Cesar Guilherme M, Buster Thad W, Burnfield Judith M
Department of Physical Therapy, University of North Florida, Jacksonville, FL, United States.
Institute for Rehabilitation Science and Engineering, Madonna Rehabilitation Hospitals, Lincoln, NE, United States.
Front Neurol. 2024 Sep 17;15:1432293. doi: 10.3389/fneur.2024.1432293. eCollection 2024.
Control of reactive balance is key to achieving safe independent walking and engagement in life activities. After traumatic brain injury (TBI), motor impairments and mobility challenges are persistent sequelae. To date, no studies have explored muscle activity of individuals with chronic TBI during a task that requires reactive control of balance.
To investigate lower extremity muscle activity during a reactive balance test performed by adults with chronic severe TBI and matched controls. We hypothesized that abnormal activity of lower extremity muscles would be related with poorer reactive balance performance. Also, we performed an exploratory analysis for those with TBI investigating the impact of unilateral versus bilateral lower extremity involvement in the control of reactive balance.
Ten adults with chronic severe TBI who were independent community ambulators and ten matched controls performed the computerized reactive balance test (Propriotest) while lower extremity muscle activity was recorded. Electromyographic (EMG) activity was contrasted (Mann-Whitney U Test) between groups across each 10 s epoch of the 120 s test. Additionally, test scores were correlated (Spearman) with lower extremity composite EMG activity to distinguish muscle activity patterns related with reactive balance performance. Lastly, reactive balance test scores were correlated with reactive balance test scores and clinical functional measures only for the TBI group.
Although the TBI group exhibited greater EMG activity across the entire test compared with the control group, significant differences were not observed. Greater composite EMG activity correlated significantly with poorer reactive balance performance across most of the 10 s windows of the test.

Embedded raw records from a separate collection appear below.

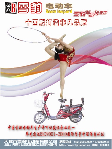 天津雪豹电动车有限公司成立于1998年,是国内首批专业设计、研发、生产及销售电动自行车的高科技企业之一。十多年的不断发展,如今雪豹已在北京、天津、上海、郑州、杭州、四川、云南、湖南、河北、山东等地建立起庞大的销售网络,而且产品出口匈牙利、澳大利亚及东南亚等国家和地区。
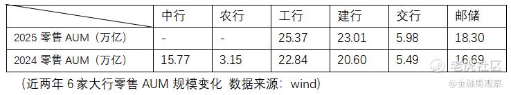 虽然6大行中仅有4家披露了2025年的零售AUM规模,无一例外都录得较高规模增长:
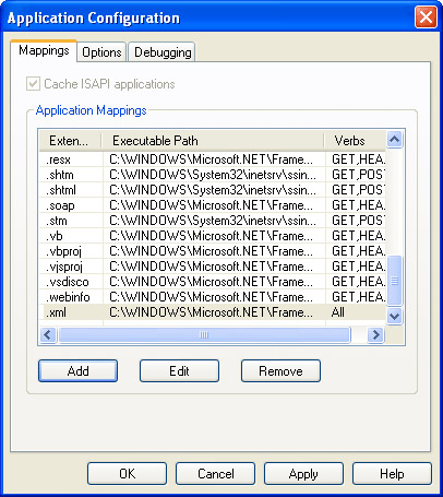 Note that if you want to protect any file named Users.xml in any application on the machine, add the <add> element in Step 2 to the <httpHandlers> element in machine.config rather than to Web.config, and you should add the mapping of the .xml extension to the ASP.NET ISAPI process using the Master Properties in IIS, and apply the changes to all Web sites when prompted. Keep in mind that there is some overhead in having ASP.NET process all requests for .xml files, so you should only do this on a machine-wide basis if you intend to use the RegLogin control across many applications or sites on a machine.
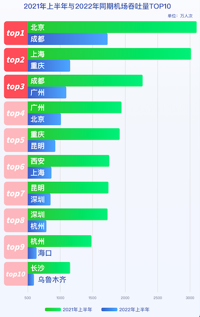 2021年上半年与2022年同期机场吞吐量TOP10。
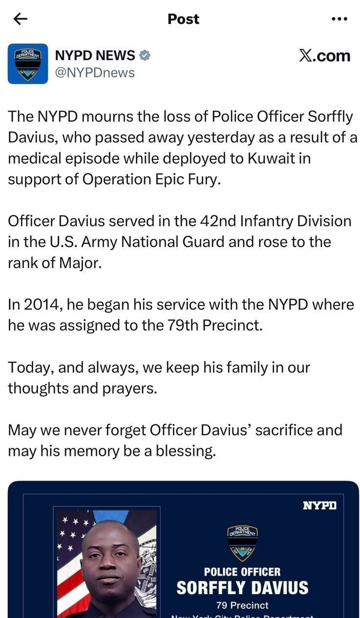 בהצהרת המשטרה נכתב: "משטרת ניו יורק מתאבלת על אובדן קצין המשטרה שלנו, סאולי דייוויס, שמת מסיבוך רפואי בזמן שהוצב בכווית."
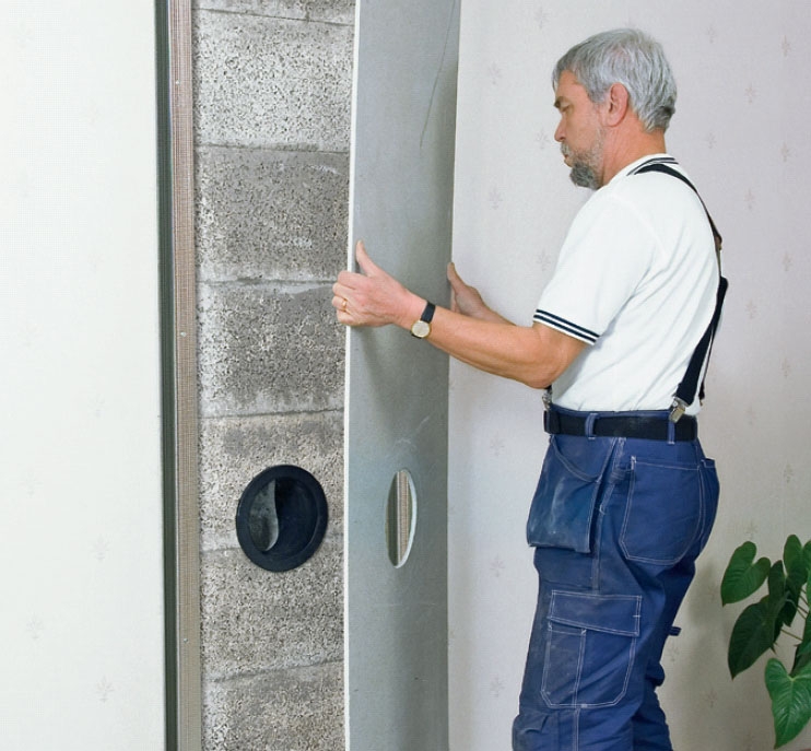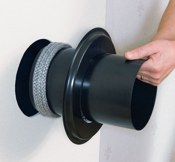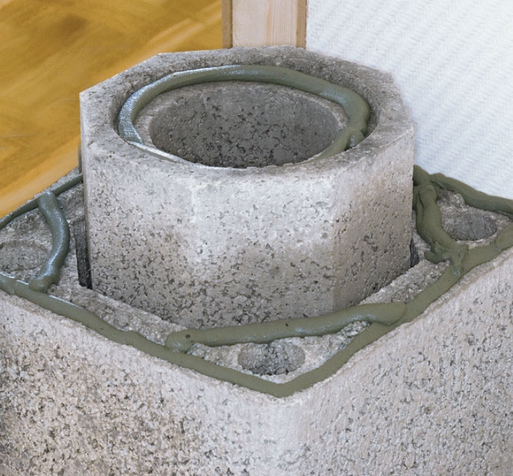 Utrymmet mellan kärnan och manteln tätas med mineralull när hålet har försetts med släta kanter, men innan sotningsluckan sätts på plats.
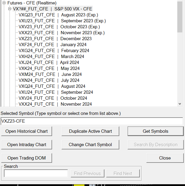 I see where VX future outrights are availale to be charted under Futures-CFE. There are exchange traded spreads on the VX products, but do not see where they are available under this area. Can they be found somewhere else?
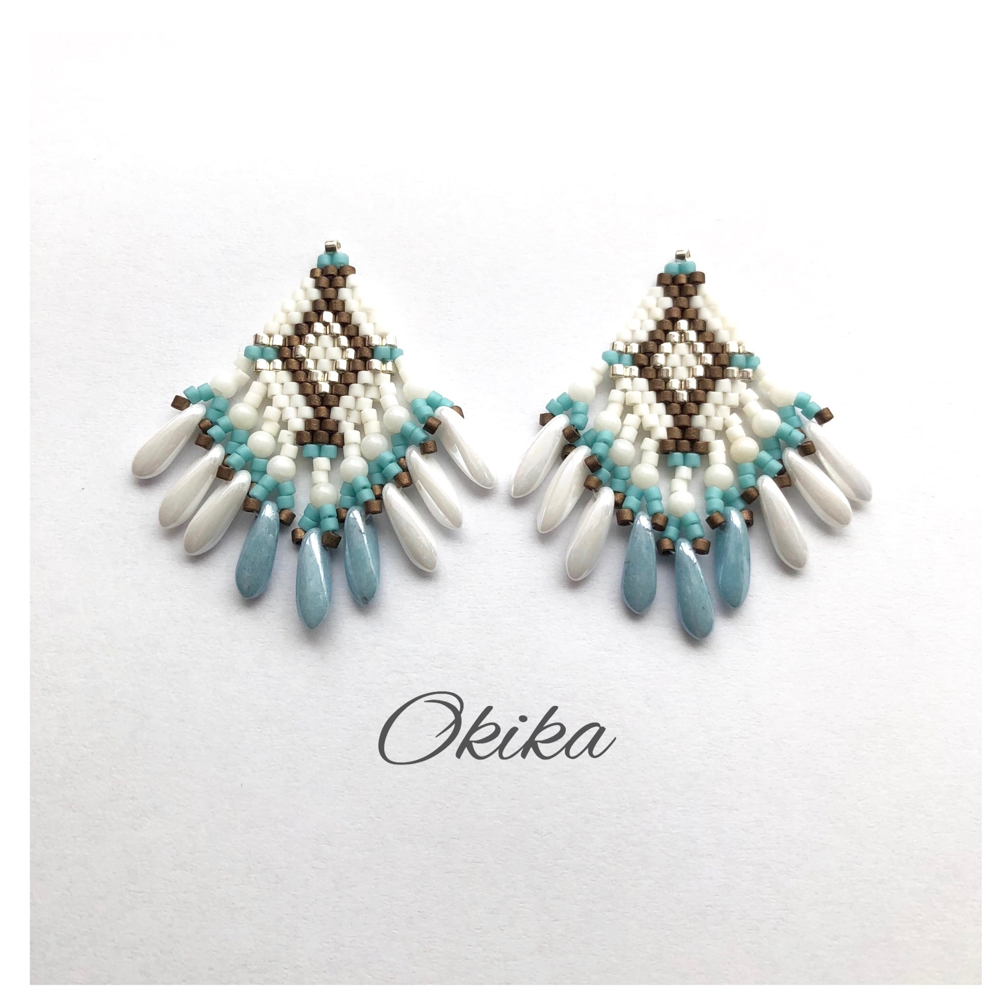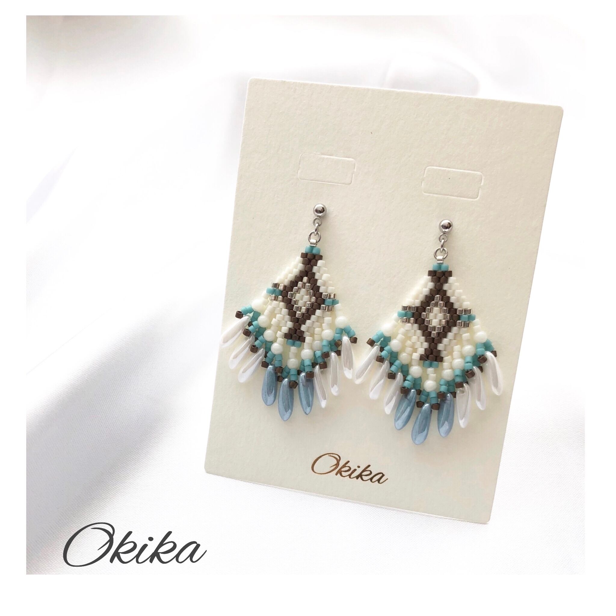 チェコビーズ ピアス/イヤリング【Turquoise × brown】
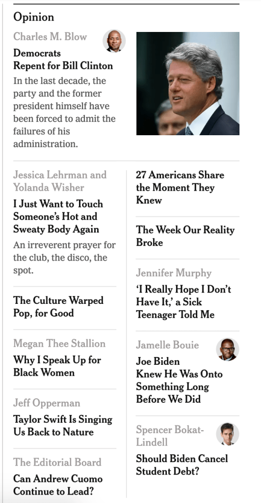 Exhibit 1. Scroll down to the editorial, “Can Andrew Cuomo Continue to Lead?” The editorial board, the solemn voice of America’s newspaper of record, answers, basically “No way José”. Let’s zoom in on the frenzy over allegations of sexual harassmement:
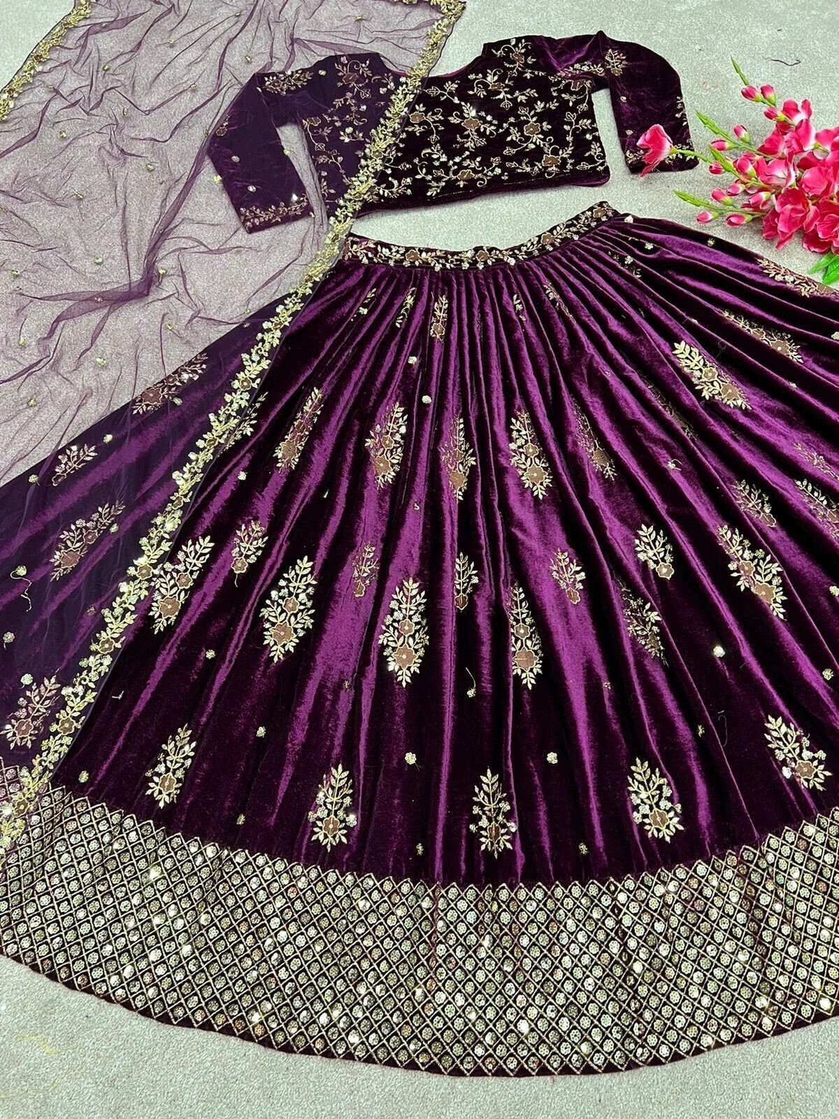 Llatest Launch Viscose Velvet Fancy Lehenga Choli With Dupatta For Wedding Wear
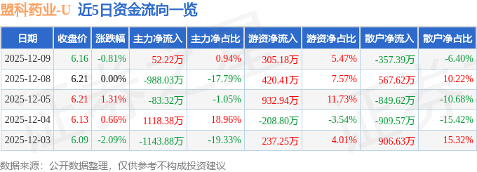 证券之星消息,截至2025年12月9日收盘,盟科药业(688373)报收于6.16元,下跌0.81%,换手率1.71%,成交量8.96万手,成交额5580.69万元。
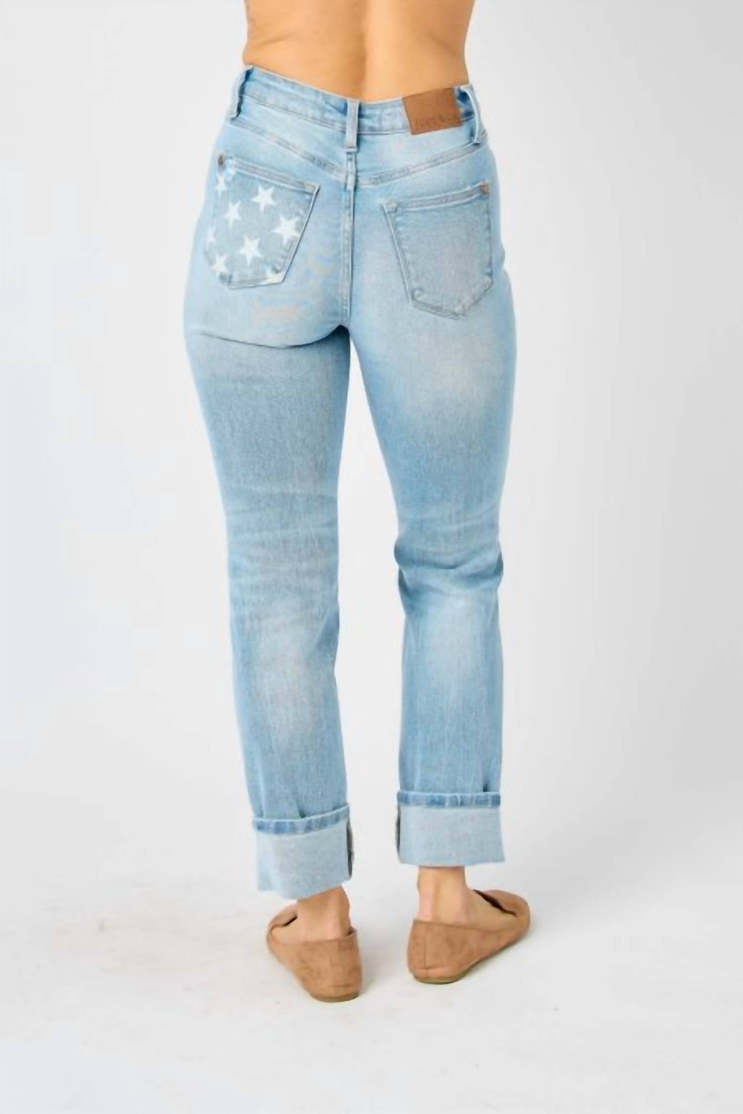 Judy Blue - Mid Rise Americana Flag Cuff Boyfriend Jean
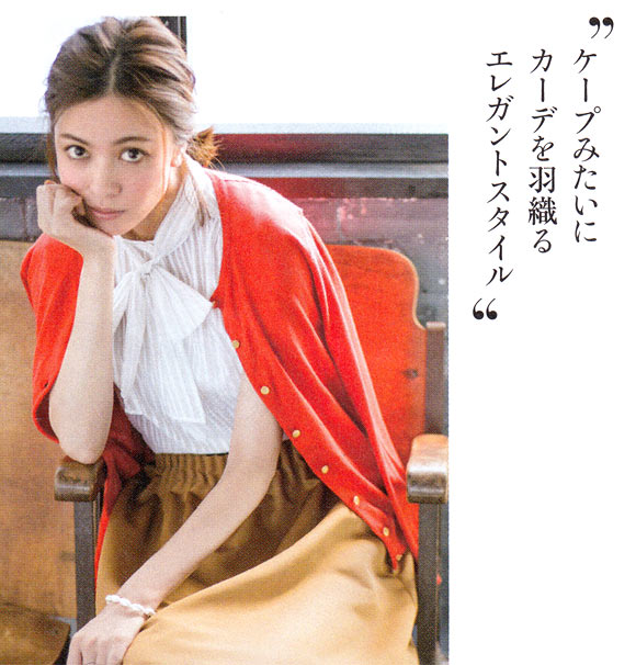 袖を通さずそのままカーデを羽織る着こなしは、エレガントで女らしいイメージ。
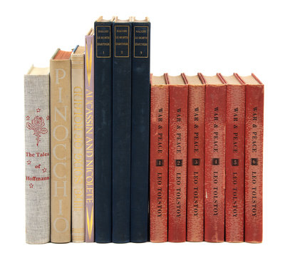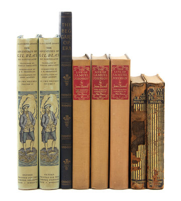 BOSWELL, James. The Life of Samuel Johnson. 1938. 3 volumes. -- BUTLER, Samuel. The Way of All Flesh. 1936. 2 volumes. -- COLLODI, C. Pinocchio. The Adventures of a Marionette. 1937. -- GAY, John. The Beggar's Opera. 1937. -- HOFFMAN, E.T.A. The Tales of Hoffman. New York: The Heritage Press, 1943. -- LANG, Andrew. Aucassin and Nicolete in English. 1931. -- [LESAGE, Alain-Rene]. Tobias SMOLLETT, translator. The Adventures of Gil Blas of Santillane. 1937. -- MALORY, Thomas Sir. Le Morte d'Arthur. 1936. 3 volumes. -- MONCRIEFF, Charles Scott. The Songs of Roland. 1938. -- TOLSTOY, Leo. War and Peace. 1938. 6 volumes. -- Together 10 works in 21 volumes, publisher's bindings.
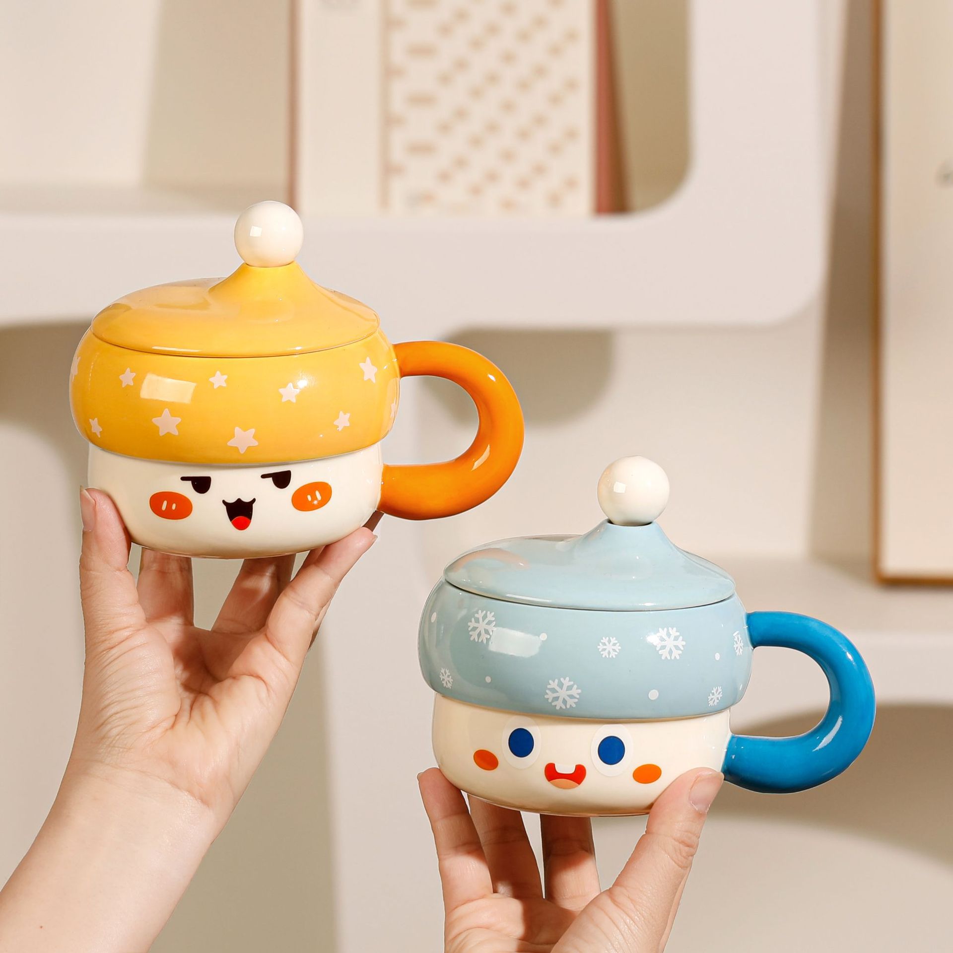 創意的で可愛いアニメキノコ陶磁器カップ蓋付きマグカップお土産家庭用親友プレゼント誕生日プレゼント
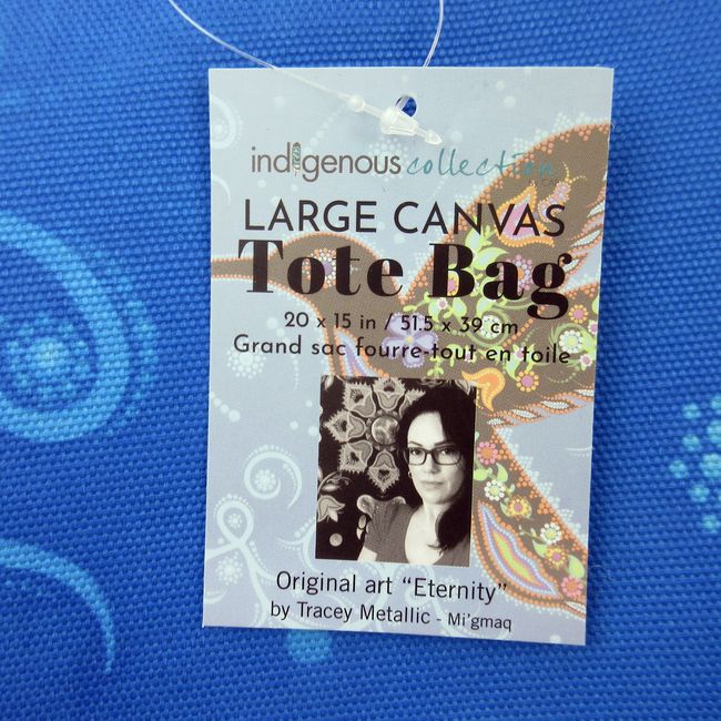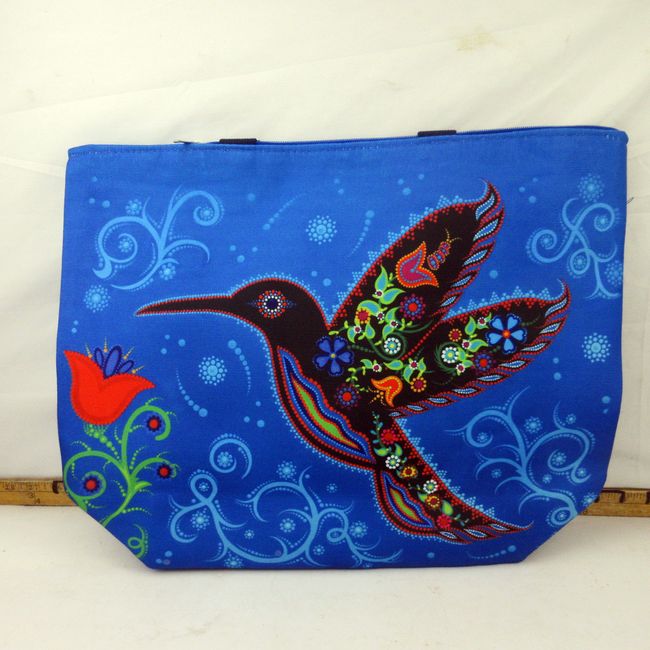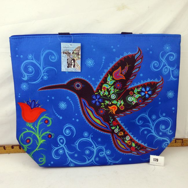 Current Bid: $53.22 [Refresh Price]YOU WILL NEED TO REFRESH THIS PAGE TO SEE UPDATED BID (Log in and this will update automatically) You must LOG IN or REGISTER to see this full page auction listing and bid. Auction is Over Winning Bid Amount: $53.22 **Lot Details: (179s) - Eternity Hummingbird zippered tote bag, large size 20" x 15" x 6" canvas and fully lined with an inside pocket, handle and zipper closure. Features authentic Indigenous art by Mi'Gmaq artist Tracey Metallic. Gorgeous tote bag, new Log in to add this lot to your watch list or place a bid |
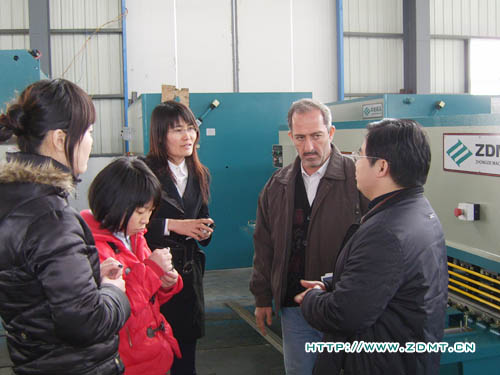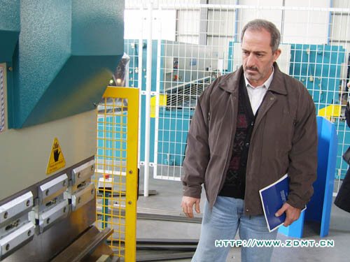 Haiyl A.AI Rawy先生對中國機械行業(yè)尤其是剪板機折彎機非常的熟悉,他表示他們非常重視機器的質量,來中德也是由于中德機器在海內外都享有良好的聲譽。參觀前,Haiyl A.AI Rawy還特意詢問我們在阿聯(lián)酋有沒有代理,當公司領導回答說目前還沒有時,他釋然一笑,表示希望能夠與中德建立良好的合作關系。在中德的成品車間,Haiyl A.AI Rawy先生聽取了我公司營狀況及近遠期規(guī)劃的介紹,并就每一款機床的詳細情況進行了介紹,重點詢問了其性能及售價等。他對我們的數控折彎機尤其感興趣,要求當場進行測試。Haiyl A.AI Rawy特意讓自己的助理拍下了整個操作過程,在我公司工程師的幫助下,Haiyl A.AI Rawy還進一步了解了折彎機數控系統(tǒng)的編程方面的問題。
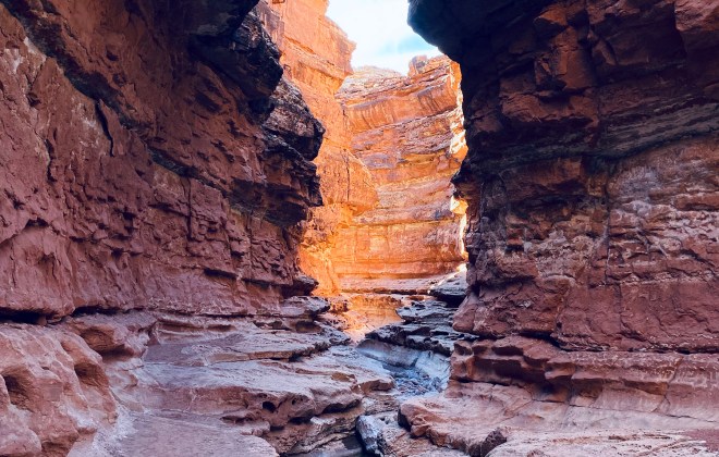 Just over the state line in the Glen Canyon National Recreation Area, Wiregrass Canyon is another beautiful trail that’s only a 35-minute drive from Page in Kanab, Utah. From the turn off at Big Water, follow the gravel road where you may see people on dirt bikes or dune buggies in the open space between the dramatic cliffs and hills scattered with fallen rocks so large that everything else seems to be in miniature. The first part of the trail is relatively flat but after about the first half mile you will encounter some steep drops, which would be manageable if they weren’t filled with water on the day of our hike. There’s an alternative path that goes up and over to the left (look for the cairns to help guide you) that allows you to skirt the deep parts of the canyon and connect back with the trail more gradually. The trail is roughly 6 miles round trip depending on how far you walk into the canyon before turning back and can be considered easy to moderate in difficulty with changing scenery as you travel along the sandy wash through narrow passages and some areas that require scrambling.

Greater muscle activity exhibited during the reactive balance test by individuals with chronic severe TBI compared to those without disabilities, particularly at small unexpected perturbations, highlights the greater physiologic effort required to control reactive balance even after independent ambulation is achieved.
反应性平衡的控制是实现安全独立行走和参与生活活动的关键。创伤性脑损伤(TBI)后,运动障碍和活动能力挑战是持续存在的后遗症。迄今为止,尚无研究探讨慢性创伤性脑损伤患者在需要反应性平衡控制的任务中的肌肉活动情况。
研究慢性重度创伤性脑损伤成人及匹配对照组在进行反应性平衡测试时下肢肌肉的活动情况。我们假设下肢肌肉的异常活动与较差的反应性平衡表现有关。此外,我们对创伤性脑损伤患者进行了探索性分析,研究单侧与双侧下肢参与对反应性平衡控制的影响。
10名能够独立在社区行走的慢性重度创伤性脑损伤成人和10名匹配对照组进行计算机化反应性平衡测试(本体感觉测试),同时记录下肢肌肉活动。在120秒测试的每10秒时间段内,对两组之间的肌电图(EMG)活动进行对比(曼-惠特尼U检验)。此外,将测试分数与下肢复合肌电图活动进行相关性分析(斯皮尔曼相关性分析),以区分与反应性平衡表现相关的肌肉活动模式。最后,仅对创伤性脑损伤组的反应性平衡测试分数与反应性平衡测试分数及临床功能指标进行相关性分析。
尽管与对照组相比,创伤性脑损伤组在整个测试过程中表现出更大的肌电图活动,但未观察到显著差异。在测试的大部分10秒时间段内,更大的复合肌电图活动与较差的反应性平衡表现显著相关。
与无残疾者相比,慢性重度创伤性脑损伤患者在反应性平衡测试中表现出更大的肌肉活动,尤其是在小的意外扰动时,这突出表明即使在实现独立行走后,控制反应性平衡仍需要更大的生理努力。